Away from Grand Prix racing Hill had always been very active, winning the 1963 and 1964 Tourist Trophy races in Maranello Concessionaires Ferraris, second at Le Mans in in 1964 sharing a Ferrari 330P with Bonnier, as well as a long Formula Two career and many saloon races. He won his first Indianapolis 500 race in a Lola in 1966 (having briefly run in practice the year before in another car), and when signed by Matra-Simca to race at Le Mans alongside Henri Pescarolo in 1972 there were elements of the team unhappy at what they perceived was a driver at the end of his career in the car – only for Hill to impress with his pace and consistency on the way to a famous win
It is difficult to emphasise just how much of a national personality Hill was. He was a TV regular in programmes totally unconnected with motorsport, he appeared on the BBC’s Call My Bluff panel game 16 times, was a chat show regular and always entertained with his dry wit and self-depreciation. He appeared as ‘Bob Turner’ in John Frankenheimer’s Grand Prix movie, and also played a helicopter pilot in a 1974 film of an Alistair MacLean novel.

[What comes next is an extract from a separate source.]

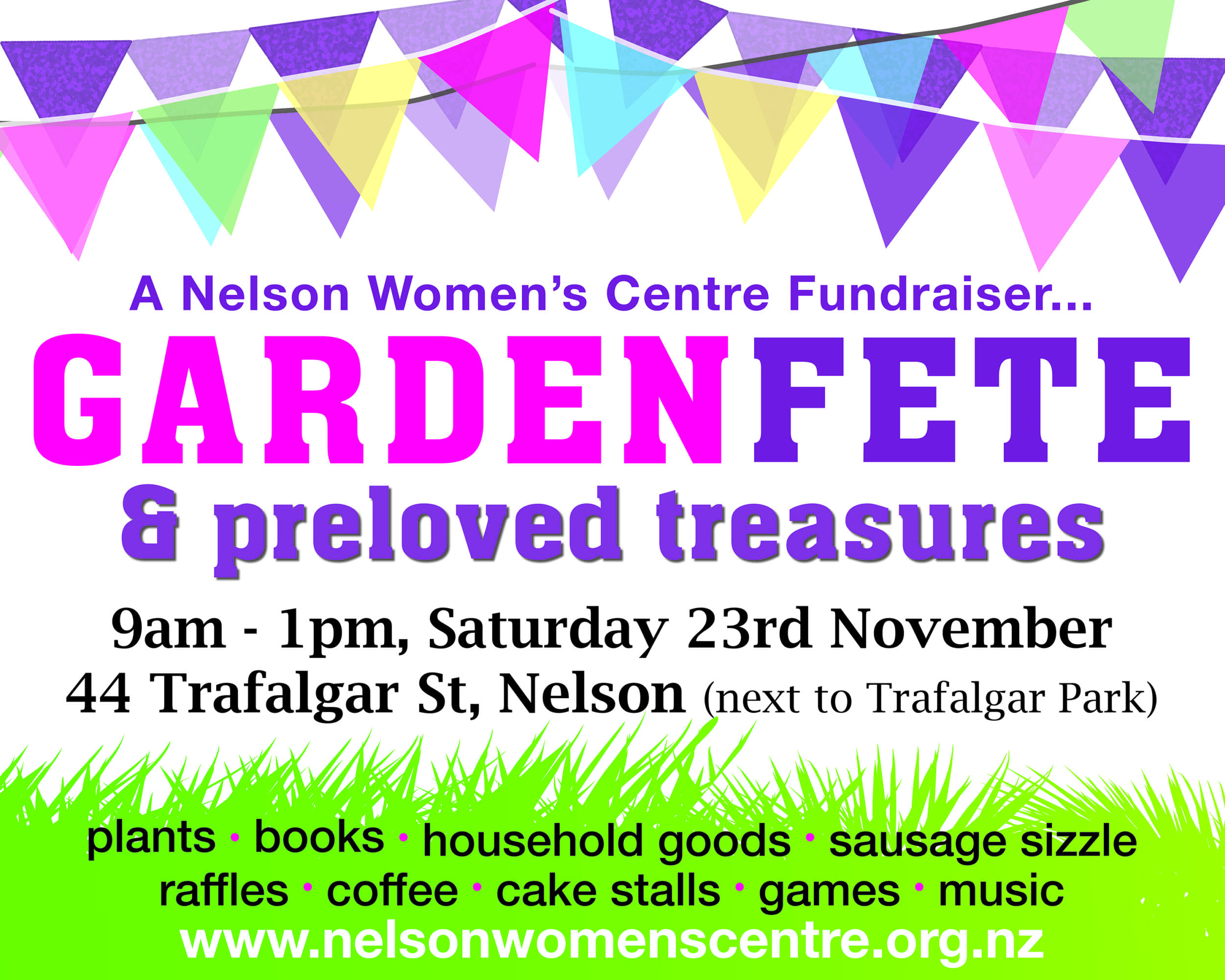 Come along to our GARDEN FETE & PRELOVED TREASURES Fundraiser for the Nelson Women’s Centre, Saturday 23rd November 9am – 1pm. PLANTS I RAFFLES I PRELOVED TREASURES I COFFEE I CAKE STALL I CLOTHING I BOOKS I GAMES + loads more… 44 Trafalgar Street (next to Trafalgar Rugby Park)

The circumstances of his death when piloting members of the team back from a late season-test in a light aircraft are well known, but even today his legacy lives on. No other driver has claimed the ‘Triple Crown’ of wins at Le Mans, Indianapolis and a Formula One title (or winning at Monaco in an alternative interpretation), and with Alonso now chasing that prize it proves the worth of what Hill achieved in his long career.